Turkey bacon is good, but.....nothing beats the original


----------



## squigader (Oct 24, 2011)

djlance said:


> Turkey bacon is good, but.....nothing beats the original



My macros are cowering in terror from the amount of junk in there...
Damn tasty though. I made the switch to turkey though and never looked back.


----------



## Hubauer (Oct 25, 2011)

djlance said:


> Turkey bacon is good, but.....nothing beats the original



Put that away dammit! I'm on a cut right now.


----------



## ~RaZr~ (Oct 25, 2011)

Hubauer said:


> Put that away dammit! I'm on a cut right now.



Be a man and it one of the greatest foods ever!





Besides its almost November and "cutting" season is over son haha!


----------



## ~RaZr~ (Oct 25, 2011)

Damn autocorrect! It was supposed to say "eat" not "it"


----------



## tubbednova (Oct 27, 2011)

Id try ham in place of the bacon,because turkey bacon although healthy(some of it)taste nothing like regular.I'd try it see if you like it and go from there.

I myself enjoy eggs,with ham.


----------



## ~RaZr~ (Oct 27, 2011)

Friend SPAM with eggs!


----------



## Merkaba (Oct 27, 2011)

Once i compared the macs side by side in the back of the grocery store, I realized there is only a few calories or grams difference.  Not enough for me to be bothered.  Give me real bacon unless there is a some crazy turkey bacon sale.


----------



## Big Pimpin (Oct 27, 2011)

My wife makes turkey bacon for breakfast every weekend and while it's not the real thing, you can get used to it.  lol


----------



## jimm (Oct 27, 2011)

djlance said:


> Turkey bacon is good, but.....nothing beats the original


 
 is there even any meat on there? hahahahahahaha that is a insult to bacon right there lmao u guys cmon this is what you call bacon in usa no wonder over half the population are obese...






^^^ PROPER DANISH BACON RIGHT THERE


----------



## ~RaZr~ (Oct 27, 2011)

No offense man, but if I'm going to eat bacon, I want that stuff thick...like my women!


----------



## jimm (Oct 27, 2011)

djlance said:


> No offense man, but if I'm going to eat bacon, I want that stuff thick...like my women!


 

you can have the fat "thick" chicks my brotha i like my girls fit!


----------



## heckler7 (Oct 27, 2011)

my wife gets turkey bacon and its pretty good. i think it jenny o brand.


----------



## ~RaZr~ (Oct 28, 2011)

jimm said:


> you can have the fat "thick" chicks my brotha i like my girls fit!



Hey woh!
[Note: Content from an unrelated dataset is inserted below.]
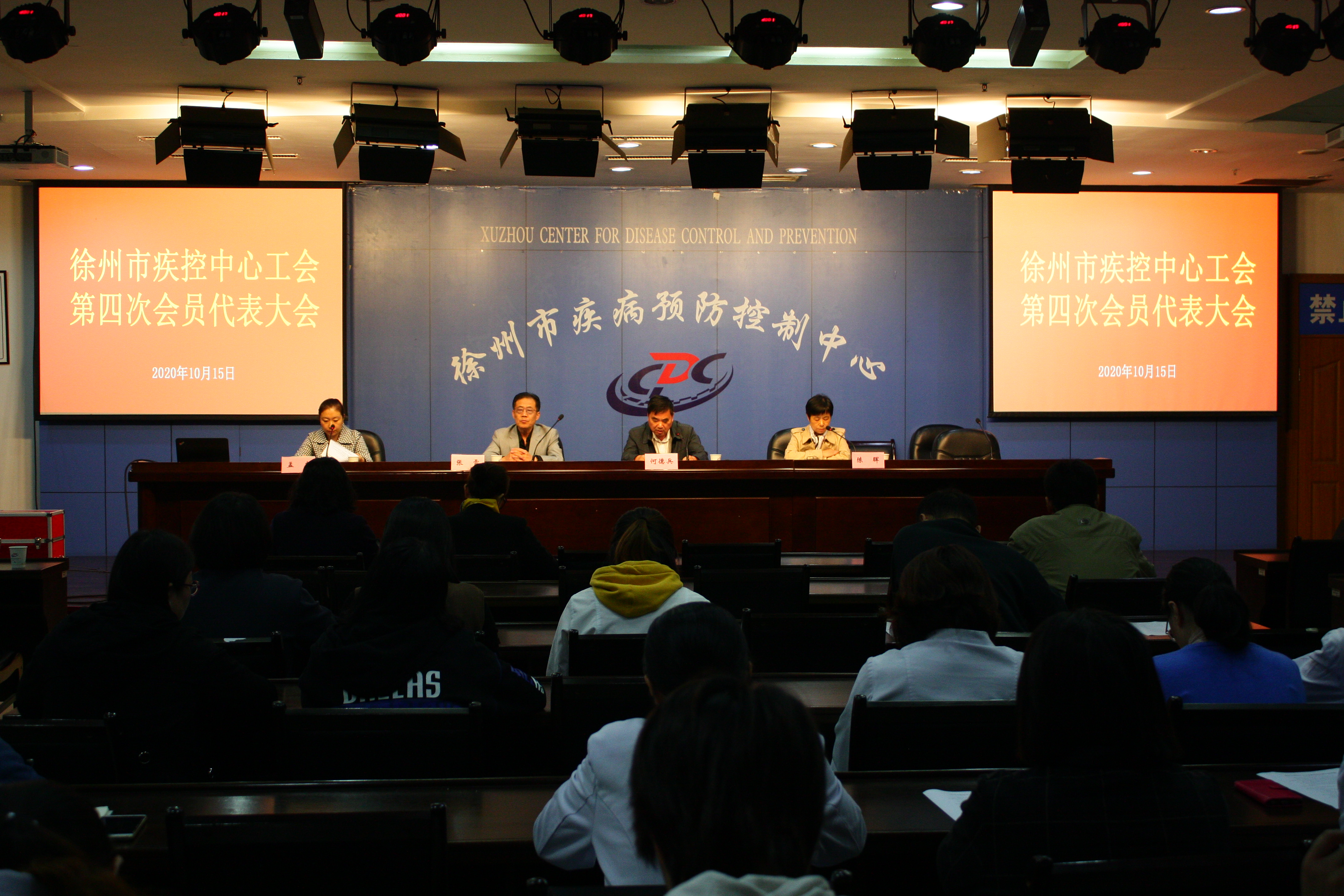 10月15日,徐州市疾控中心第四次工会会员代表大会在中心十二楼会议室隆重召开。市卫健委党委委员、工会主席何德兵同志、副主席陈晖同志出席会议,中心主任张雷同志发表讲话。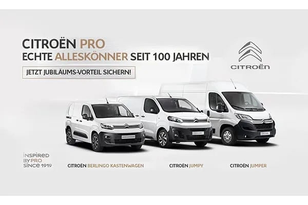 Im Rahmen ihrer Jubiläumsaktivitäten startet die Marke Citroën mit der Kampagne „Echte Alleskönner seit 100 Jahren“ in das vierte Quartal. Die Jubiläumsangebote sind speziell auf Gewebetreibende zugeschnitten und gelten für die Citroën Nutzfahrzeugmodelle Berlingo, Jumpy und Jumper.

I didn't mean thick as in fat. My definition of a thick woman is someone who isn't anorexic or a stick. My kind of figure would be like Sara Jay, Lisa Ann, Katy Perry, etc. 

Not some Nicole richie looking girl....


----------



## Merkaba (Oct 28, 2011)

jimm said:


> is there even any meat on there? hahahahahahaha that is a insult to bacon right there lmao u guys cmon this is what you call bacon in usa no wonder over half the population are obese...
> 
> 
> 
> ...



Well eating fatty meats is not the reason so many people are obese....  Depending on which report you look at, it's not like you guys over there are "beating us" by much.  1 in 3, or 1 in 4 vs 1 in 3 or 1 in 4...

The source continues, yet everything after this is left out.